Displaying records 1 - 10
Tables_in_imdb
aka_name
aka_title
cast_info
char_name
comp_cast_type
company_name
company_type
complete_cast
info_type
keyword
  1. Find a movie of your choice in the title table. You can use WHERE <field> LIKE '%<sub string>%' to get entries that match part of a string. Tweak your query, possibly by refining it using other variable, for example, the year the movie came out, so that your query returns exactly one result.

SOLUTION

Let’s first look at the title table and see what the fields are

Displaying records 1 - 10
Field Type Null Key Default Extra
id int(11) NO PRI NA auto_increment
title text NO MUL NA
imdb_index varchar(12) YES NA
kind_id int(11) NO MUL NA
production_year int(11) YES NA
imdb_id int(11) YES MUL NA
phonetic_code varchar(5) YES MUL NA
episode_of_id int(11) YES MUL NA
season_nr int(11) YES MUL NA
episode_nr int(11) YES MUL NA

Now let’s get the movie Serenity (based on the TV show Firefly). It might take some playing around to return only the result we want.

1 records
id title imdb_index kind_id production_year imdb_id phonetic_code episode_of_id season_nr episode_nr series_years md5sum
4202518 Serenity NA 1 2005 NA S653 NA NA NA NA cb62d1f36eed91904ee57da27f8028ef

Our goal over the next few exercises will be to obtain a query that returns the full filmography of the incomparable Viola Davis arranged in chronological order, showing the production year, title of the movie or show, and the name of the character she played.

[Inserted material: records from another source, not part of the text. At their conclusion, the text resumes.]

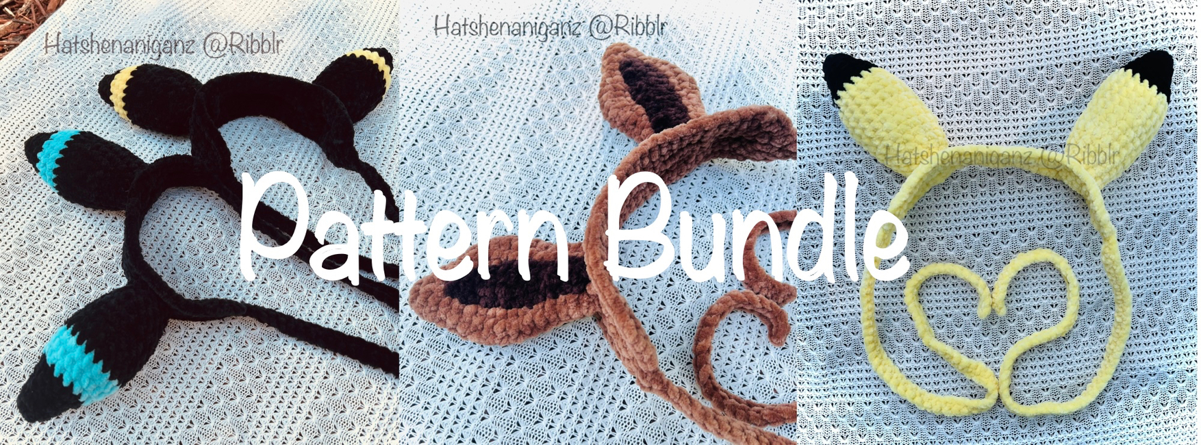 Make 3 different cute and cozy Pokémon headbands! Pattern is made with Premier Parfait yarn but works with Bernat Blanket or other similar chunky yarns.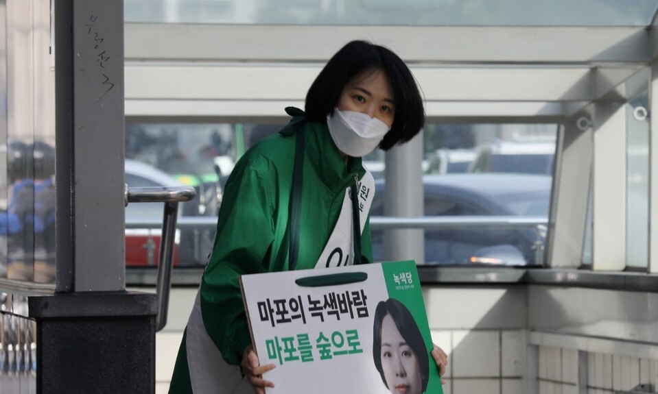 6·1 지방선거 서울 마포구의원에 출마한 이숲 녹색당 예비후보가 2022년 5월10일 대흥역 들머리에서 출근길 주민을 상대로 지지를 호소하고 있다. 류우종 기자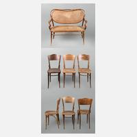um 1900-1910, bestehend aus einer Bank und sechs Stühlen, Buchenbugholz braun gebeizt, Korbgeflecht der Bank restauriert, Verschraubung der Stühle erneuert, Oberfläche mit stärkeren Alters- und Gebrauchsspuren, Maße Bank 98 x 115 x 52 cm, Maße Stuhl H je 91 cm, SH je 47 cm.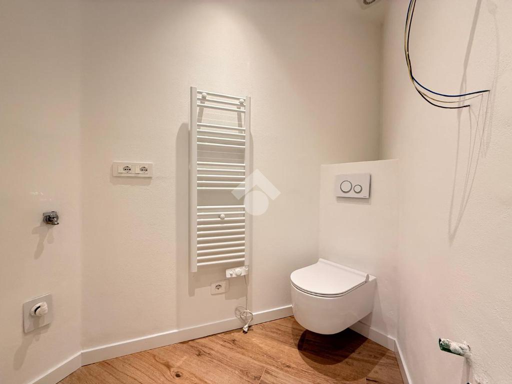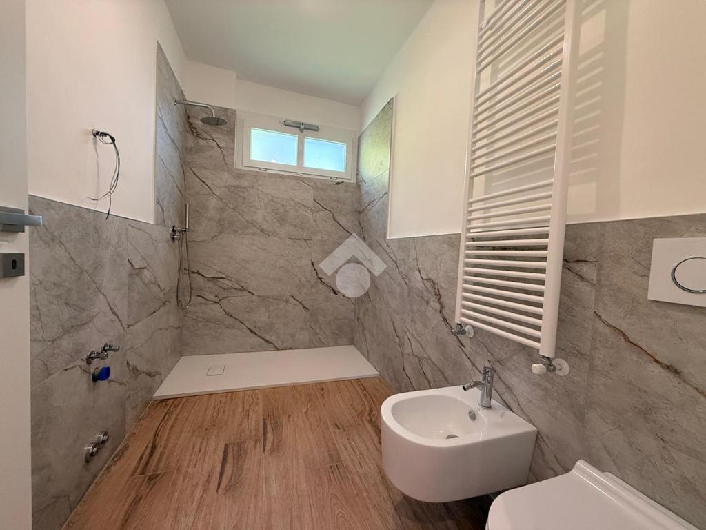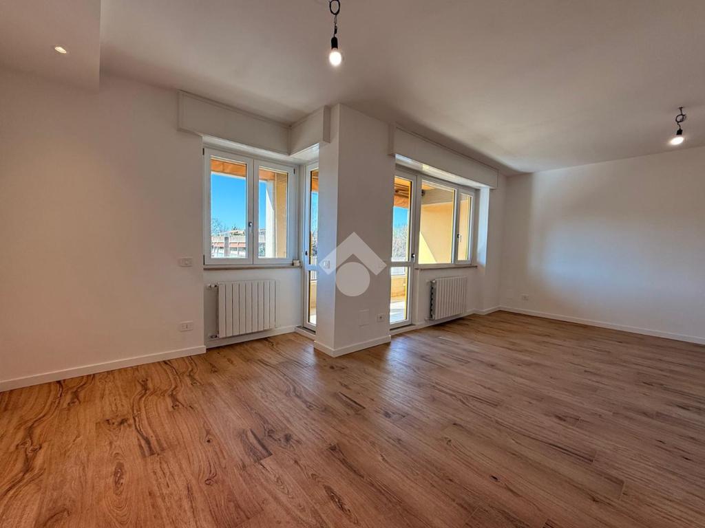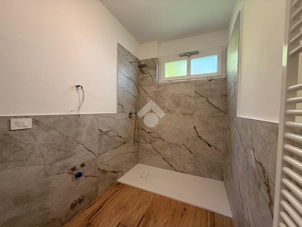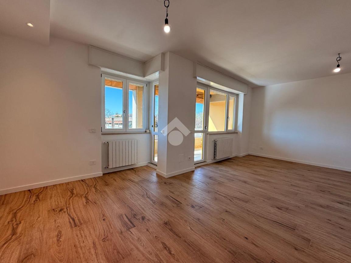 Dall'ingresso verrete accolti direttamente nella luminosa zona living di circa 30 mq con cucina a vista e affaccio su un terrazzino coperto esposto a sud-ovest. Il disimpegno notte vi condurrà alla camera da letto matrimoniale e alla cameretta oltre ai doppi servizi. Il tutto è caratterizzato da un pavimento in gress porcellanato effetto legno, infissi in doppio vetro PVC e predisposizione aria condizionata, dotato di un impianto di riscaldamento autonomo. Il rivestimento del bagno padronale ha un effetto grigio pietra e sanitari sospesi. A completare l'immobile un comodo box singolo di 21 mq.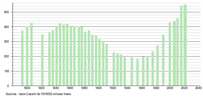 L'évolution du nombre d'habitants est connue à travers les recensements de la population effectués dans la commune depuis 1793. Pour les communes de moins de 10 000 habitants, une enquête de recensement portant sur toute la population est réalisée tous les cinq ans, les populations légales des années intermédiaires étant quant à elles estimées par interpolation ou extrapolation[15]. Pour la commune, le premier recensement exhaustif entrant dans le cadre du nouveau dispositif a été réalisé en 2005[16].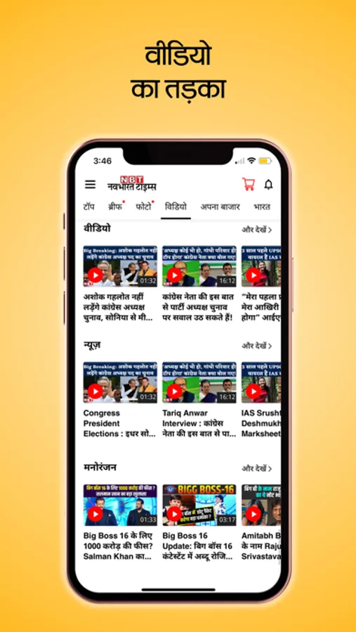 -Latest and Trending Video News (लेटेस्ट एंड ट्रेंडिंग वीडियो न्यूज़): NBT app offers news videos for the users. They can watch videos from entertainment, sports, astrology, business, tech & more.

If you want a challenge, try to do that now: it will involve some exploration of the data to find the relevant field names, formats, etc., and a few join operations. Note: When using SQL, you should only ever join by fields that are listed as a KEY in the database (you can see which fields these are by using DESCRIBE <table_name> (don’t actually type the angle brackets; this is just a convention that indicates that it’s a template slot to be filled in with an actual table name). Generally KEY fields are id codes, which are much more efficient to operate over than text strings, and databases are set up to make filtering or comparing KEY fields fast.

If you want some more guidance, the next few exercises will break down the task into steps.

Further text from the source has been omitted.